• What this task involves
From the line containing "The Carmela dining" down to the line containing "大工兴液压机械有限公司成立于", copy out the entries below exactly, both lines included, and nothing else; pictures do not belong in the copy.

Listed entries Start Marker

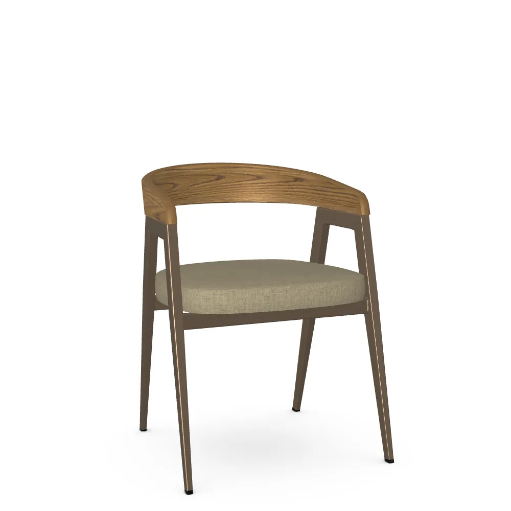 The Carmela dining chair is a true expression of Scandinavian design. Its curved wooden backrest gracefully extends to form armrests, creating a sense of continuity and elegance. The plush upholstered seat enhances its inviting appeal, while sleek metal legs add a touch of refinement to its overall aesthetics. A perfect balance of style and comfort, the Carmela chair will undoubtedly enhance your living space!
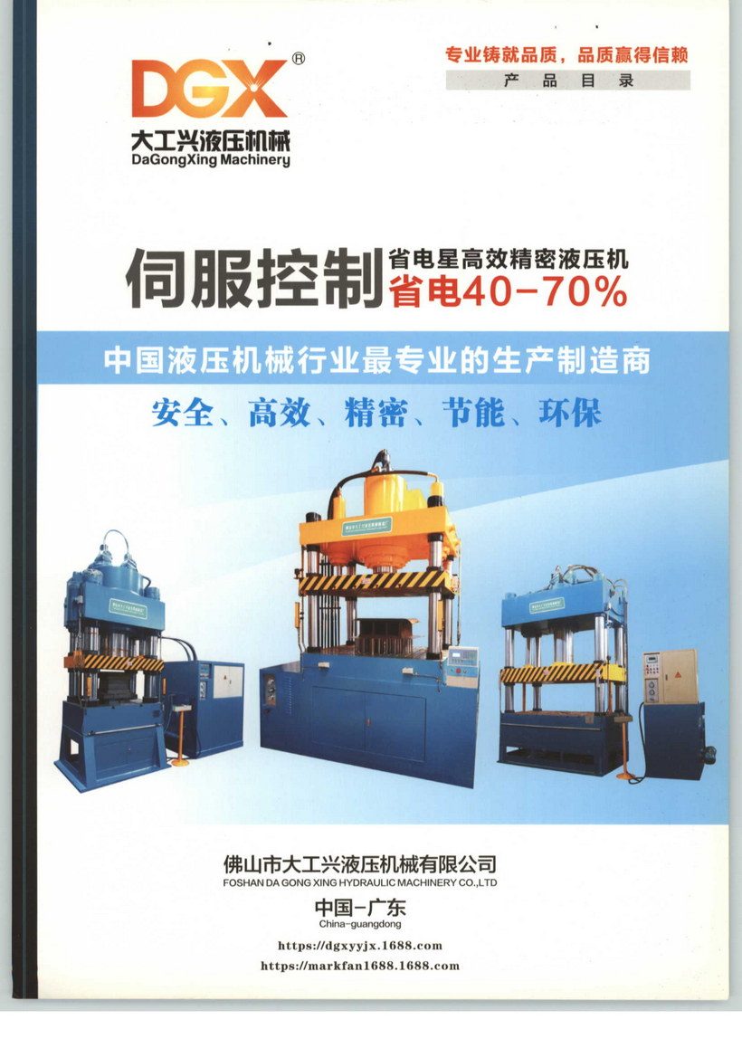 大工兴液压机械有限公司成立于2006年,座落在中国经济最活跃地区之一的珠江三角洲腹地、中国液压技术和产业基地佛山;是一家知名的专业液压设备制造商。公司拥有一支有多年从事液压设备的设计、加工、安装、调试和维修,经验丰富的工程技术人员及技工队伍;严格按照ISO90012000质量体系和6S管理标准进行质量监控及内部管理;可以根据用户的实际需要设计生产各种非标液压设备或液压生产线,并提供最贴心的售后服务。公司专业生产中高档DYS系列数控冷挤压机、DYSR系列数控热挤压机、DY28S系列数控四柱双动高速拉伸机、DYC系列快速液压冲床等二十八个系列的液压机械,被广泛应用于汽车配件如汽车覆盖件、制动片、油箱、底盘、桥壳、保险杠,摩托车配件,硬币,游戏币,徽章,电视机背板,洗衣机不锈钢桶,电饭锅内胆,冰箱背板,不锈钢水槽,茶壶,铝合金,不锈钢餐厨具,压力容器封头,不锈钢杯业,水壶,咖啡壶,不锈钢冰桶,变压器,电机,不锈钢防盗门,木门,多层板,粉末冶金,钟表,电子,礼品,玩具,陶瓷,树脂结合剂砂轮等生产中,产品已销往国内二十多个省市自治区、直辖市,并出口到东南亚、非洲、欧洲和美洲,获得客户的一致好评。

Listed entries End Marker
Listed entries Start Marker

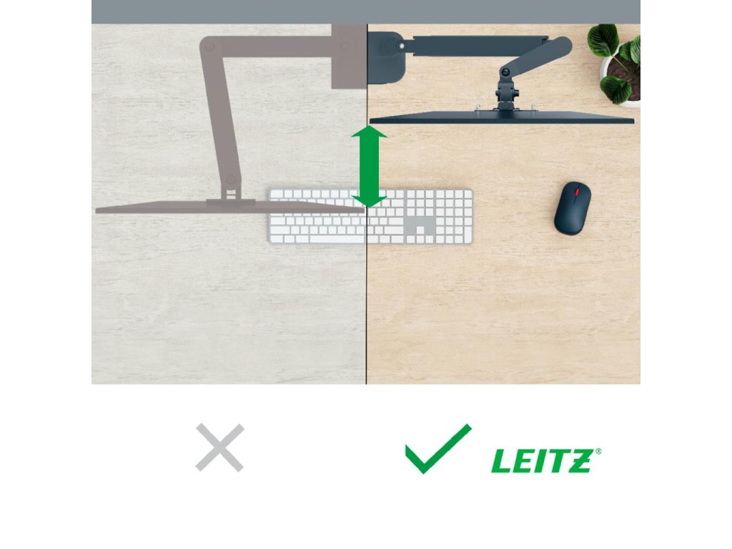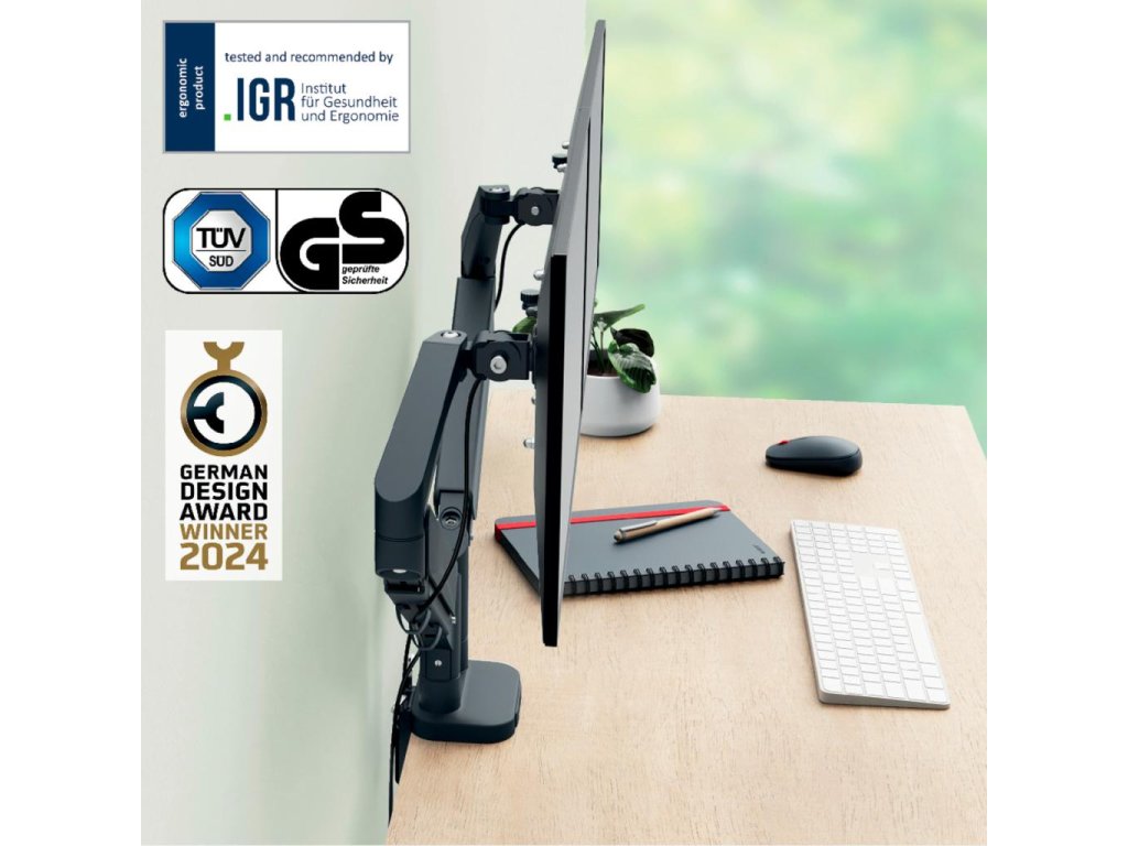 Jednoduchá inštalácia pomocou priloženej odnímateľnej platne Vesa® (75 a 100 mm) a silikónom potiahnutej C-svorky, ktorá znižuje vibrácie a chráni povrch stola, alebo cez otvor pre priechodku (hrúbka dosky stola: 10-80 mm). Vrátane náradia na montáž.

Listed entries End Marker

• Output
 The Carmela dining chair is a true expression of Scandinavian design. Its curved wooden backrest gracefully extends to form armrests, creating a sense of continuity and elegance. The plush upholstered seat enhances its inviting appeal, while sleek metal legs add a touch of refinement to its overall aesthetics. A perfect balance of style and comfort, the Carmela chair will undoubtedly enhance your living space!
 大工兴液压机械有限公司成立于2006年,座落在中国经济最活跃地区之一的珠江三角洲腹地、中国液压技术和产业基地佛山;是一家知名的专业液压设备制造商。公司拥有一支有多年从事液压设备的设计、加工、安装、调试和维修,经验丰富的工程技术人员及技工队伍;严格按照ISO90012000质量体系和6S管理标准进行质量监控及内部管理;可以根据用户的实际需要设计生产各种非标液压设备或液压生产线,并提供最贴心的售后服务。公司专业生产中高档DYS系列数控冷挤压机、DYSR系列数控热挤压机、DY28S系列数控四柱双动高速拉伸机、DYC系列快速液压冲床等二十八个系列的液压机械,被广泛应用于汽车配件如汽车覆盖件、制动片、油箱、底盘、桥壳、保险杠,摩托车配件,硬币,游戏币,徽章,电视机背板,洗衣机不锈钢桶,电饭锅内胆,冰箱背板,不锈钢水槽,茶壶,铝合金,不锈钢餐厨具,压力容器封头,不锈钢杯业,水壶,咖啡壶,不锈钢冰桶,变压器,电机,不锈钢防盗门,木门,多层板,粉末冶金,钟表,电子,礼品,玩具,陶瓷,树脂结合剂砂轮等生产中,产品已销往国内二十多个省市自治区、直辖市,并出口到东南亚、非洲、欧洲和美洲,获得客户的一致好评。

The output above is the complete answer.